-- Work order --
Set down exactly the lines running from the one with "VAMOS celebrar a" to the last line of the listing below, both included, and skip every picture.

-- Dataset extract --
# # #

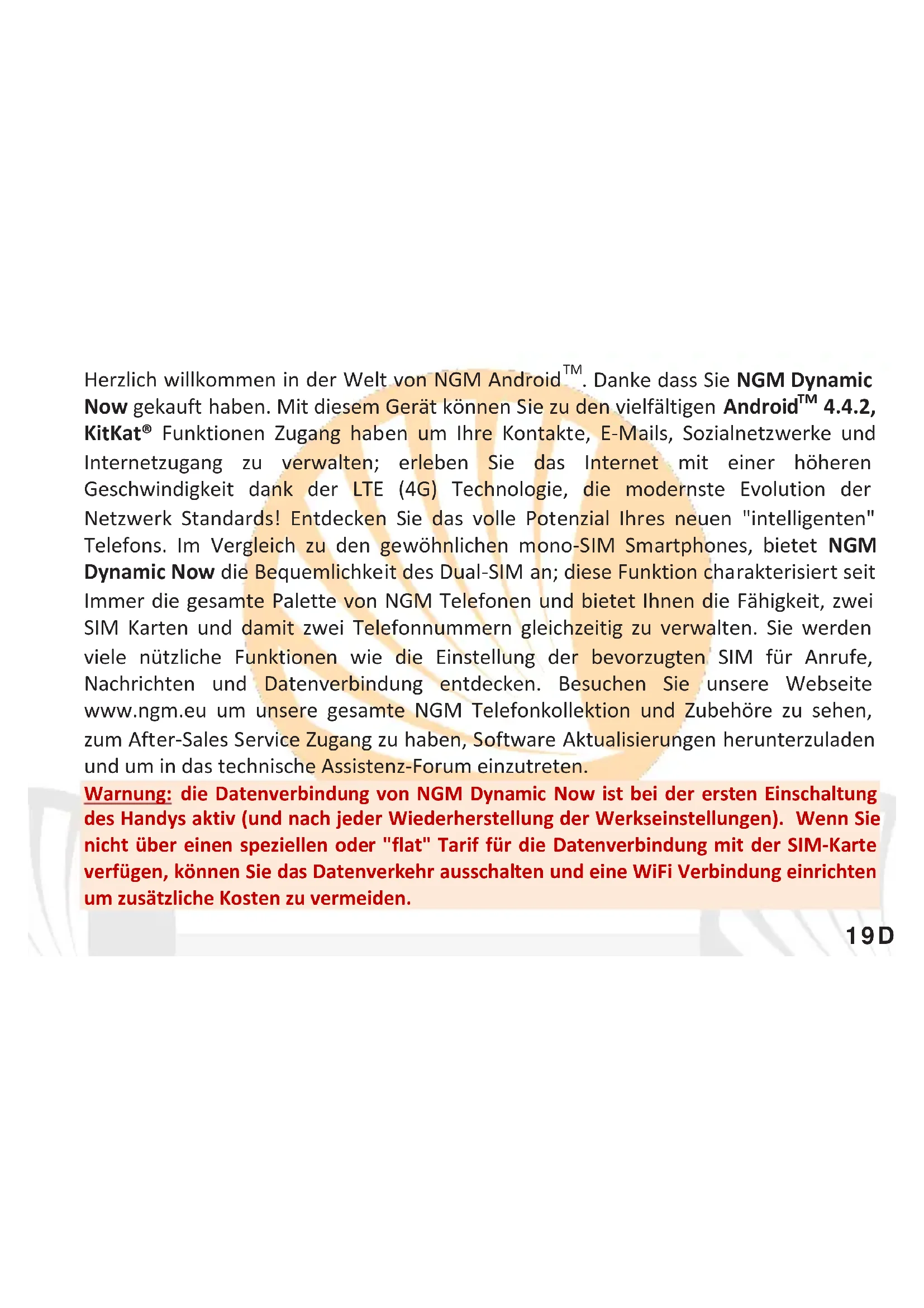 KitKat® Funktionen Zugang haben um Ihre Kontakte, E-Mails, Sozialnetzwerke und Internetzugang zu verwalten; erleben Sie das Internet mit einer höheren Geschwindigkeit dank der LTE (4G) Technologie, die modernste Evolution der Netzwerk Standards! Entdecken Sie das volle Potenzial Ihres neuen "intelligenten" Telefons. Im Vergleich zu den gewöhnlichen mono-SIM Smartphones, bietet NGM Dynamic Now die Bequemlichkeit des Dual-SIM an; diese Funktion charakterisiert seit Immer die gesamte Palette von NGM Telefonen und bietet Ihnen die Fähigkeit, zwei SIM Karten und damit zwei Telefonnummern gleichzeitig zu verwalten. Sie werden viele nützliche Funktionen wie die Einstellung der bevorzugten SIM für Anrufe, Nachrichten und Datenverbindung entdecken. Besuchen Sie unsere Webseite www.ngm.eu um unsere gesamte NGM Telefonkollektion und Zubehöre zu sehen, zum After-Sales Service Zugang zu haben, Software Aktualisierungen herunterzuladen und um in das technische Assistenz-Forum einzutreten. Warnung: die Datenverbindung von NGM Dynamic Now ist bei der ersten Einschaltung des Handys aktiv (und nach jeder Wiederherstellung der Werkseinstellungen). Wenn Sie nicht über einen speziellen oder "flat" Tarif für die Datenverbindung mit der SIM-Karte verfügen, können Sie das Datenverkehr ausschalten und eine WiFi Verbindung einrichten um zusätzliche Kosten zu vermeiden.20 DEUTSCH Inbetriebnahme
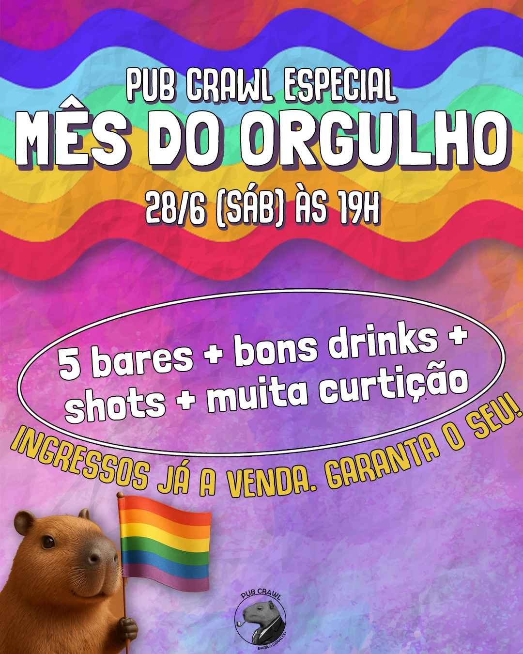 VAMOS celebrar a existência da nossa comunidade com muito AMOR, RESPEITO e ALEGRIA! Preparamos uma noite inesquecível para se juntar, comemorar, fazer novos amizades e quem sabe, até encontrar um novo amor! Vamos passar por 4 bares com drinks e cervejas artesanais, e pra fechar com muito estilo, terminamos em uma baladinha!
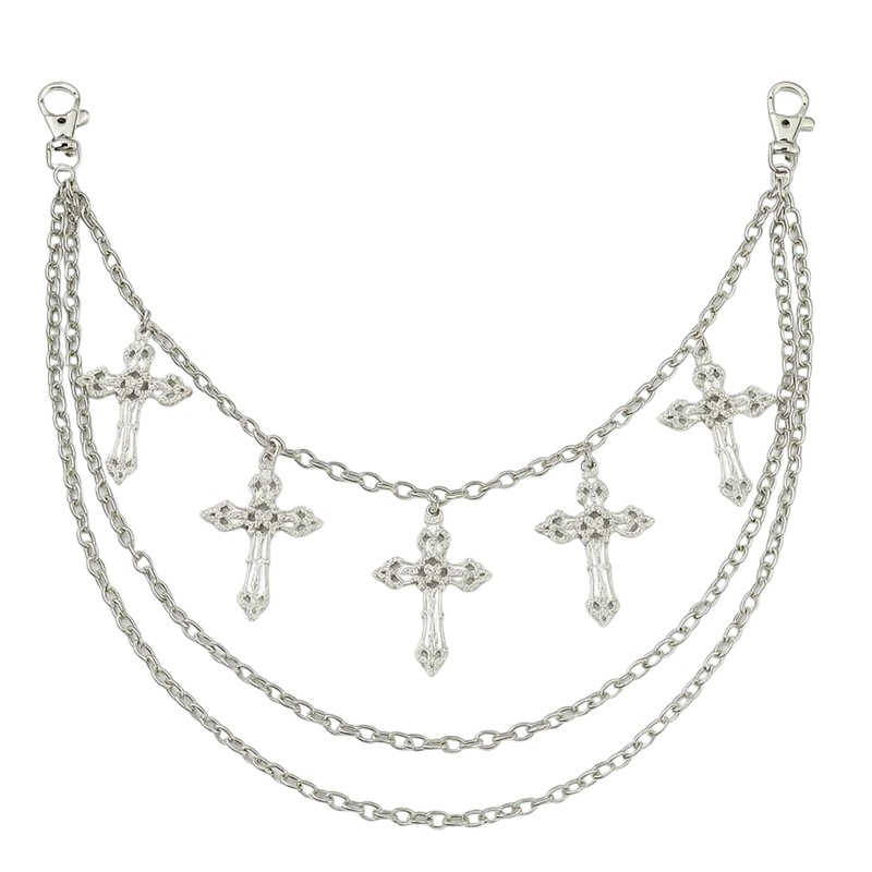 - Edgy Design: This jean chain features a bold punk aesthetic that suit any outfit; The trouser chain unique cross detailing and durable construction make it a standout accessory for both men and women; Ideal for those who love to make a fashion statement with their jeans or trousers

# # #

-- Problem solution --
 VAMOS celebrar a existência da nossa comunidade com muito AMOR, RESPEITO e ALEGRIA! Preparamos uma noite inesquecível para se juntar, comemorar, fazer novos amizades e quem sabe, até encontrar um novo amor! Vamos passar por 4 bares com drinks e cervejas artesanais, e pra fechar com muito estilo, terminamos em uma baladinha!
 - Edgy Design: This jean chain features a bold punk aesthetic that suit any outfit; The trouser chain unique cross detailing and durable construction make it a standout accessory for both men and women; Ideal for those who love to make a fashion statement with their jeans or trousers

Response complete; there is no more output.